Crows above, cars below

What has been your crow experience?

Have you found the bird cawing at your kitchen window, threatening to fly away with an evening snack? Or providing you the wake-up call so that you can be up for your morning walk?

Everybody has a crow experience.

It may not be the favourite bird but it is perhaps the only one that survives in our neighbourhoods.

For some weeks now, I have been enjoying crows at work. Rather, creating a family.

Our office in Alwarpet is on the second floor and on a busy road where the vroom of traffic has become a part of our working life.

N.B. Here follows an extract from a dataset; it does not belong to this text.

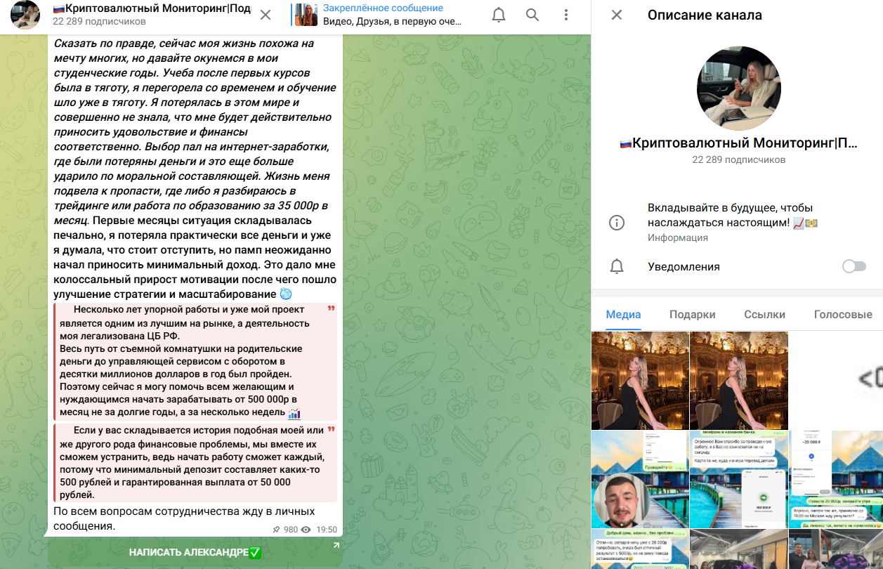 Как и большинство инфоцыган, в канале есть история о “сложной судьбе” инвесторши, где она работала параллельно учебе, ловила выгорания и сливала деньги на различных интернет схемах. Однако в моменте узнала про пампинг криптовалют, начала получать минимальный заработок. Это якобы замотивировало Александру и она смогла “улучшить” свою стратегию до идеала и передать ее клиентам, однако все это не больше, чем пустой звук. Многие аферисты часто пытаются привлечь наивных клиентов громкими и трогательными историями о взлетах и падениях.

But we do have a bonus. The tall avenue trees whose branches spread across the road and into out building create a circle of green and shade.

Trees are always humming with activity and if you are up there and choose to look closely, you can catch the whirr of the bees which time their entry into our office after dusk, the summer blooms that sail gently on to the tar below and the crows who have made nests.

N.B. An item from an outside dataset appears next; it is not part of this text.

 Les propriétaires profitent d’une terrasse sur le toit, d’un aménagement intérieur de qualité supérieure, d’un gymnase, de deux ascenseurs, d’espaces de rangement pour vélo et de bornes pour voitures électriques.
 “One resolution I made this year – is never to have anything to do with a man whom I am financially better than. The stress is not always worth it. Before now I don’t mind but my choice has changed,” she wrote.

One nest is metres away from the parapet wall and there is a lot of activity in it I presume.

It looks firm and cosy but to me it seems to be in a precarious position - a sway of the lead branch and that nest and all the eggs or lives in it will hurtle to the tar below.

It is a foolish thought. Birds have brains and this set of crows must have made a wide choice too.

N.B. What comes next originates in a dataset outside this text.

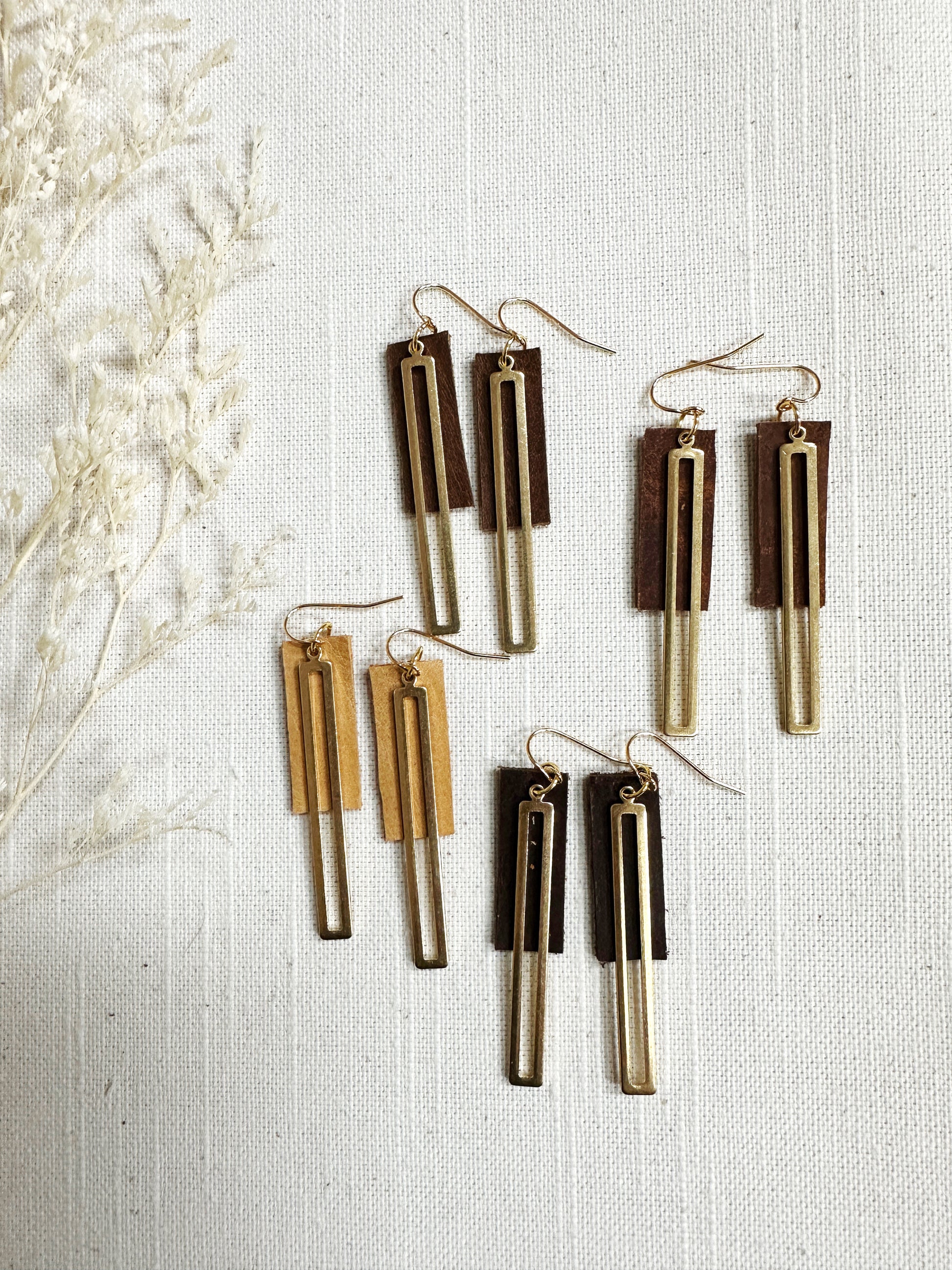 The same gorgeous leather used in my other styles is now available with these Hailey earrings! Made with smooth leather and brass components, these playful drop earrings add a touch of texture and style to any outfit.

The past week, I observed that the crow was content to sit in the nest and keeping warm the eggs in there. While one crow does the job, another keeps watching from a closer branch.

Curious, I spoke to K. S. Sudhakar of the Madras Naturalists Society who is a practising chartered accountant and has an office down the corridor. Do the male and the female take turns to help in the hatching? Do crows really care for their chicks?

They do care, Sudhakar tells me. It is the koels who ‘hijack’ the nests of the crows. These birds lay their eggs in a crows nest and let the latter do the rest! When they come back, they may even sideline the crow’s chicks. . .

In the nooks and braches of our neighbourhoods, despite all the destruction and mess, nature survives.

Do the crows trust us?

1 comment:

RAJI MUTHUKRISHNAN said...

Very nice. We once had a crow and a squirrel sharing in companionship the rice we placed on the windowsill.